Several candidates have already dismissed the effort as misguided, in talking to the Times. Former state controller Betty Yee called it a “very costly poll clearly aimed at narrowing the field.” Tony Thurmond described it as another attempt by party leadership to put its thumb on the scale. Even Antonio Villaraigosa’s campaign questioned why the party would spend money on polling rather than focus on voter turnout.
The Real Strategy Isn’t Polling
The deeper flaw in Rusty Hicks’ plan is that it assumes the Democratic Party itself must manage the field, which I wrote about here, but here is the short version:
The reality is that California politics already has institutions that perform that function — and they are far more powerful than the state party.
Public-employee unions.
If the organizations that dominate California Democratic politics begin to believe there is a genuine risk that Democrats could be shut out of the November runoff, they will not rely on polling to solve the problem. They will intervene directly in the race.
There is precedent for this kind of strategic intervention. In the 2024 U.S. Senate race, Adam Schiff’s campaign spent millions on advertising that elevated Republican Steve Garvey during the primary campaign. The goal was simple: consolidate Republican voters behind Garvey so that the runoff would be Democrat versus Republican rather than an expensive Democrat-on-Democrat fight.

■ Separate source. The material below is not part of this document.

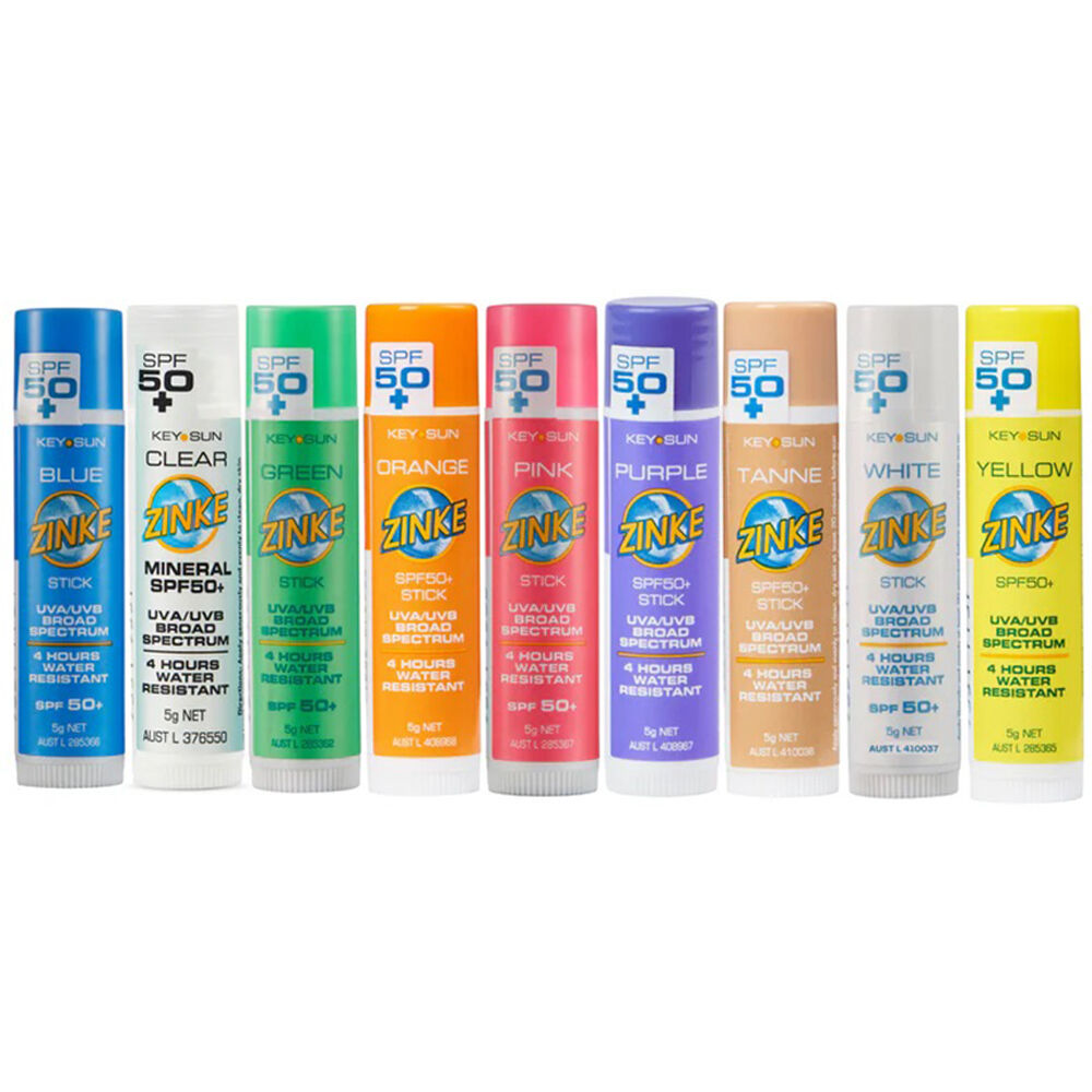 Be ready for every outdoor event with the ZINKE SPF 50 Plus Zinc Stick 5g Full Colour Range Bundle. Featuring the complete colour collection, this set delivers very high broad spectrum UVA and UVB protection in fun, vibrant shades plus a clear mineral option for invisible coverage.

The strategy worked, and the same logic would apply in the governor’s race if Democratic institutions conclude the risk of an all-Republican November is real.
If Riverside County Sheriff Chad Bianco and former Fox News host Steve Hilton remain positioned to possibly grab the two top spots, organized labor will not sit back and hope Democratic vote-splitting resolves itself. They will shape the outcome.
Neither Hilton nor Bianco would be remotely acceptable to organized labor in office. Both would threaten the political and financial ecosystem that dominates Sacramento, where public-employee unions finance Democratic campaigns and then sit across the bargaining table from the very politicians they helped elect.
So, Does It Matter?
Political parties often wish they had more control over crowded elections than they actually do. Rusty Hicks’ polling project is essentially an attempt to impose order on a process that rarely behaves the way party leadership hopes it will.
Campaigns built over months of fundraising, staffing, and political commitments do not suddenly collapse because party officials release a poll. If Democratic institutions conclude there is real danger in the current field configuration, the response will not come from survey results or polite suggestions that candidates reconsider their ambitions. It will come from the same place it always does in California politics: money, messaging, and the institutional muscle of organized labor shaping the field.
This entire episode is also a reminder of something critics warned about when California voters adopted the “top two” election system. The reform was sold as a way to produce moderation and expand voter choice. In practice, it has done the opposite — concentrating power among political institutions and leaving voters with fewer meaningful choices by the time the November ballot arrives.
If nothing else comes of this clown-car of a gubernatorial election, perhaps it will rekindle interest in reconsidering a system that promised more options for voters but too often narrows them.